§ Material supplied:
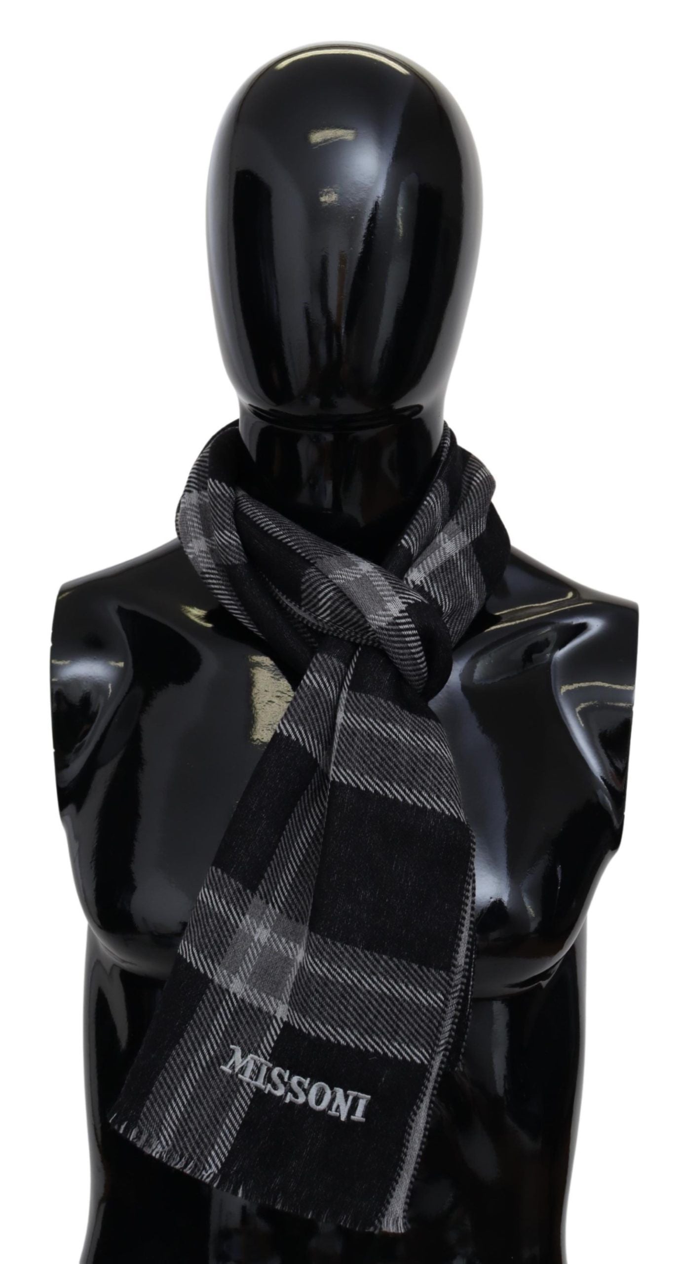 Drape yourself in luxury with this exquisite Missoni wool scarf, perfect for adding a touch of class to any outfit. This 100% authentic scarf features a classic striped plaid pattern, complete with the iconic Missoni logo embroidery. Its unisex design ensures it complements both men’s and women’s styles, making it an excellent gift or wardrobe addition. Crafted expertly in Italy, experience the perfect blend of fashion and warmth.
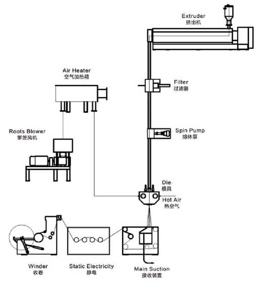 漢諾工業(yè)泵HNP熔體計量泵為國內熔噴無紡布生產企業(yè)提供優(yōu)質的計量、過濾設備。熔噴布生產工藝流程:原材料---->熔融擠出---->過濾---->計量(HNP熔噴布計量泵)---->空氣加熱壓縮---->熔噴---->成網---->收卷。
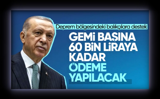 Cumhurbaşkanı Recep Tayyip Erdoğan, deprem bölgesinde yaşayan balıkçılara destek verildiğini söyleyerek, “Yarın itibariyle 3 bin 500 ile 60 bin lira arasındaki desteği depremzede balıkçılarımızın hanesine yatırıyoruz” dedi.
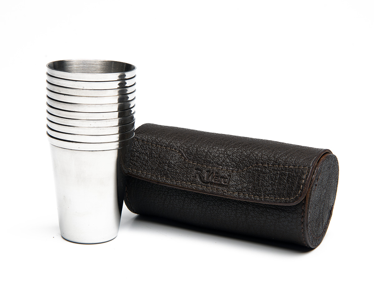 A RAY WARD UNUSED SET OF 10X70ml STAINLESS STEEL DRINKING CUPS WITH BUFFALO LEATHER CASE
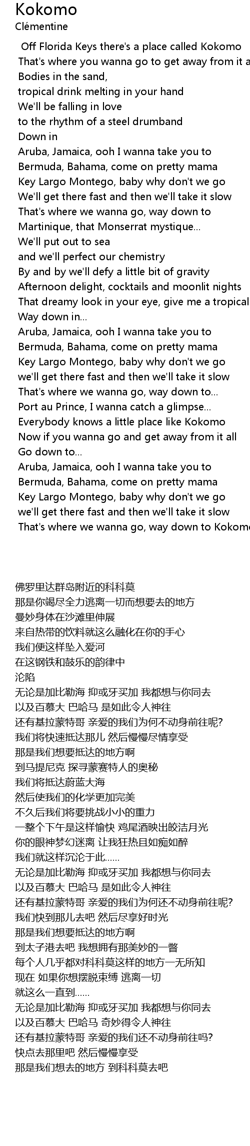 Off Florida Keys there's a place called Kokomo |
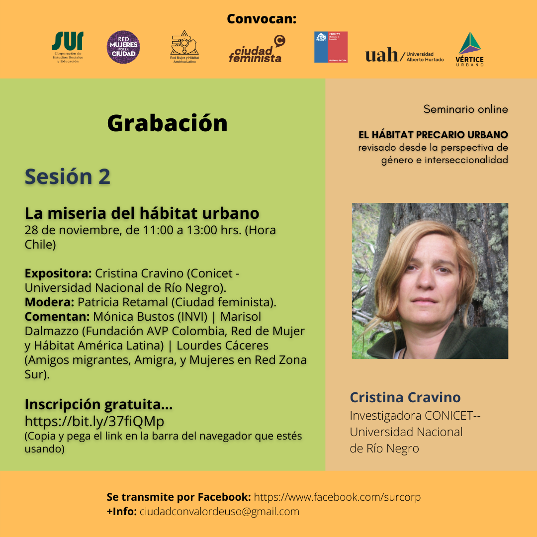 Sesión 2 del Seminario online «El hábitat precario urbano revisado desde la perspectiva de género e interseccionalidad» (20 y 28 de noviembre, 5 y 12 de diciembre de 2020)

§ Task details:
Exactly the lines running from the one with "Off Florida Keys" through the end of the listing above must be output, both ends included. No pictures belong in the output.

§ Expected answer:
 Off Florida Keys there's a place called Kokomo |
 Sesión 2 del Seminario online «El hábitat precario urbano revisado desde la perspectiva de género e interseccionalidad» (20 y 28 de noviembre, 5 y 12 de diciembre de 2020)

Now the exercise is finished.